The MTA contains a number of shooting ranges including the 600m Marksmanship Training Range (MTR), 25m Pistol range, Grenade range and multiple other ranges. Artillery ranges are also situated on the site and are designated as danger areas due to the risk of unexploded ordnance.

==History==

The decision to locate the Royal Military College Duntroon in the Australian Capital Territory, the then Federal Capital Territory, required the acquisition of land for the college and for field training areas. Initially the Duntroon Estate of Robert Campbell (Australian politician, born 1796) was leased by Defence on 7 November 1910. This only included the buildings and the approximately 350 acres (142 hectares) of land in the vicinity. The college was then opened on 25 Jun 1911. The whole of the Duntroon Estate was acquired by the Government in a larger acquisition of freehold (Freehold (law) land so that it could be converted to leasehold owned by the Commonwealth. In the Majura Valley, the Duntroon Estate was the largest land holding, but only included the south-western portion of the valley and only included a small area of the most southern parts of the current Majura Training Area. The remaining Freehold land in the Majura Valley was acquired by the Government in stages, being completed by approximately 1917. The majority of the land acquired by the Government was excess to Commonwealth requirements and was leased back to the community for farming purposes.

=== Royal Military College, Duntroon Manoeuvre Area and Pialligo rifle range (Mount Ainslie)===
The lack of field training areas including a rifle range was noted in an initial report on the college.
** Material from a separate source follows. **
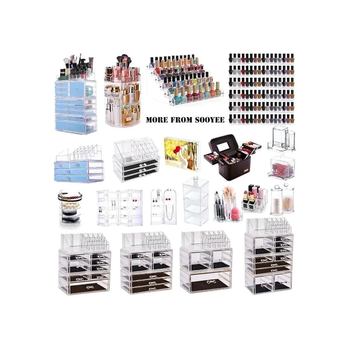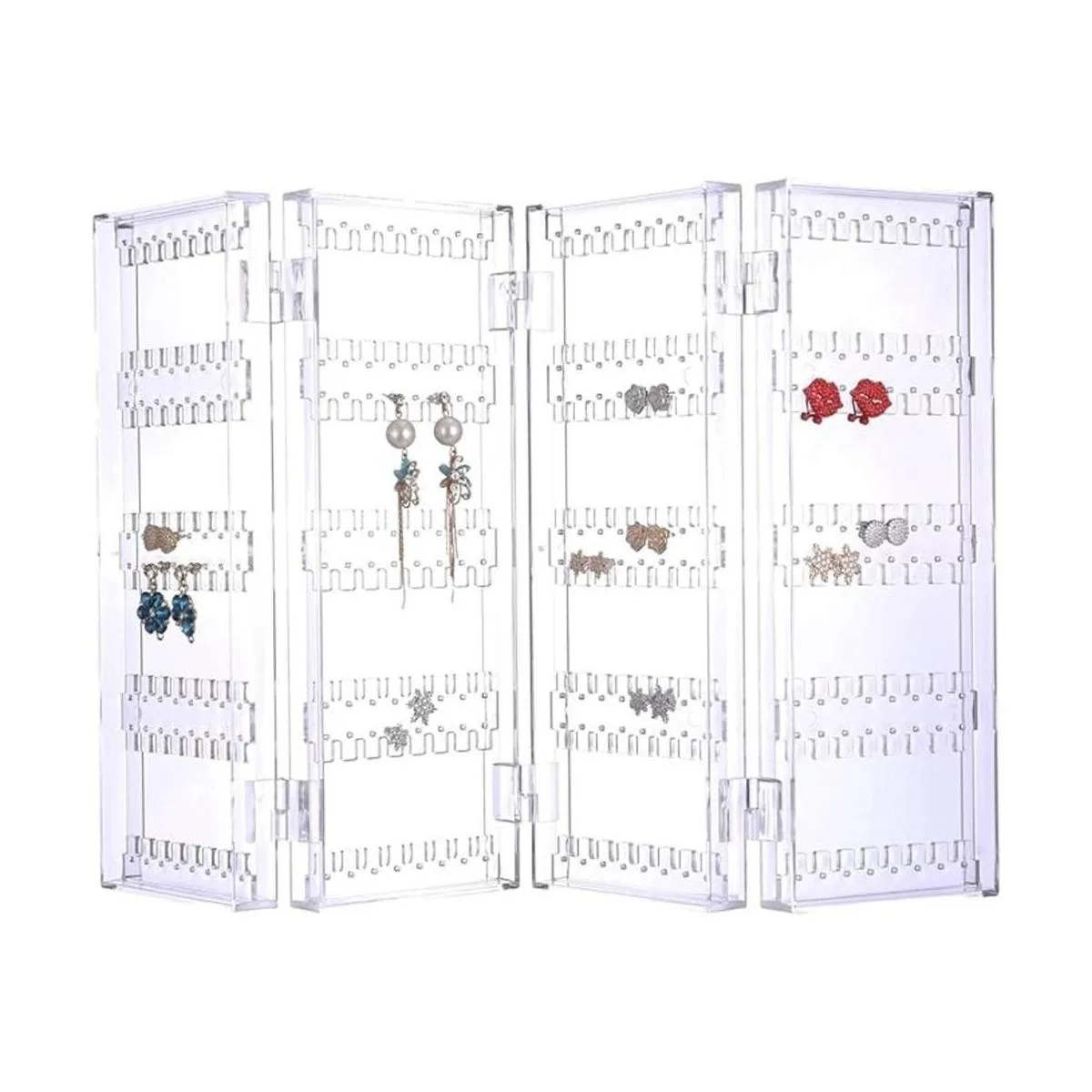 Sooyee Organizador de aretes de 256 agujeros, 5 niveles, organizador de collares plegable de 4 puertas, soporte de joyería de pendientes, soportes de exhibición de aretes acrílicos para la venta, transparente

This was remedied with the construction of a classification rifle range on the southern slopes on Mount Ainslie to the west of and in approximate alignment withe the existing Mount Ainslie Drive. This range was opened on 14 Aug 1914 and was commonly referred to as the "Pialligo Range". A declaration was then made on 18 August 1915 to create the Royal Military College, Duntroon Manoeuvre Area/College Reserve of approximately 1600 acres (650 hectares) encompassing the rifle range and an area from:
- at approximately the modern intersection of Fairbairn Avenue and Mount Ainslie Drive, a line following northerly along the natural ridge to the summit of Mount Ainslie then
- north-easterly for one mile then
- south-easterly to the Woolshed Creek for one mile and then
- easterly to the Majura Road then southerly along that reload until it meets the Yass-Queanbeyan Road (now Fairbairn Avenue) then
- along the Yass-Queanbeyan Road (now Fairbairn Avenue) to the point of commencement. This area had been fenced by a rabbit proof fence for public safety.
The area represents the first permanent field firing and manoeuvre area the Federal Capital.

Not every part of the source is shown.